In my real stream data is always sorted by value I'm grouping by. Perhaps I don't need groupBy at all ?


Solution

  • I ended up implementing custom stage

    class GroupAfterKeyChangeStage[K, T](keyForItem: T ⇒ K, maxBufferSize: Int) extends GraphStage[FlowShape[T, List[T]]] {
    
      private val in = Inlet[T]("GroupAfterKeyChangeStage.in")
      private val out = Outlet[List[T]]("GroupAfterKeyChangeStage.out")
    
      override val shape: FlowShape[T, List[T]] =
        FlowShape(in, out)
    
      override def createLogic(inheritedAttributes: Attributes): GraphStageLogic = new GraphStageLogic(shape) with InHandler with OutHandler {
    
        private val buffer = new ListBuffer[T]
        private var currentKey: Option[K] = None
    
        // InHandler
        override def onPush(): Unit = {
          val nextItem = grab(in)
          val nextItemKey = keyForItem(nextItem)
    
          if (currentKey.forall(_ == nextItemKey)) {
            if (currentKey.isEmpty)
              currentKey = Some(nextItemKey)
    
            if (buffer.size == maxBufferSize)
              failStage(new RuntimeException(s"Maximum buffer size is exceeded on key $nextItemKey"))
            else {
              buffer += nextItem
              pull(in)
            }
          } else {
            val result = buffer.result()
            buffer.clear()
            buffer += nextItem
            currentKey = Some(nextItemKey)
            push(out, result)
          }
        }
    
        // OutHandler
        override def onPull(): Unit = {
          if (isClosed(in))
            failStage(new RuntimeException("Upstream finished but there was a truncated final frame in the buffer"))
          else
            pull(in)
        }
    
        // InHandler
        override def onUpstreamFinish(): Unit = {
          val result = buffer.result()
          if (result.nonEmpty) {
            emit(out, result)
            completeStage()
          } else
            completeStage()
    
          // else swallow the termination and wait for pull
        }
    
        override def postStop(): Unit = {
          buffer.clear()
        }
    
        setHandlers(in, out, this)
      }
    }
    

    If you don't want to copy-paste it I've added it to helper library that I maintain.
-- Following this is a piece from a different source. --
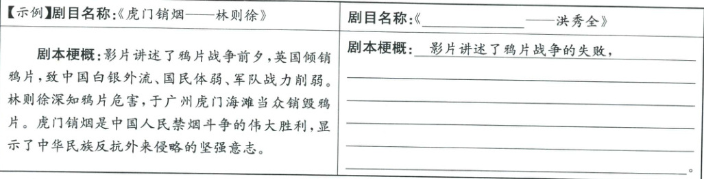 (1)剧目名称:太平天国运动(1分) 剧本梗概:(影片讲述了鸦片战争的失败,)进一步加深了清政府的统治危机,统治阶级与劳动群众之间矛盾日益尖锐。洪秀全发动太平天国运动,意图推翻清王朝的腐朽统治。这场起义最终失败了,但它是中国历史上规模最宏大的一次农民战争,沉重打击了清朝的统治和外国侵略势力。(4分)

In order to use you need to add

    Resolver.bintrayRepo("cppexpert", "maven")
    

    to your resolvers. Add add foolowingto your dependencies

    "com.walkmind" %% "scala-tricks" % "2.15"
    

    It's implemented in com.walkmind.akkastream.FlowExt as flow

    def groupSortedByKey[K, T](keyForItem: T ⇒ K, maxBufferSize: Int): Flow[T, List[T], NotUsed]
    

    For my example it would be

    source
      .via(FlowExt.groupSortedByKey(_._1, 128))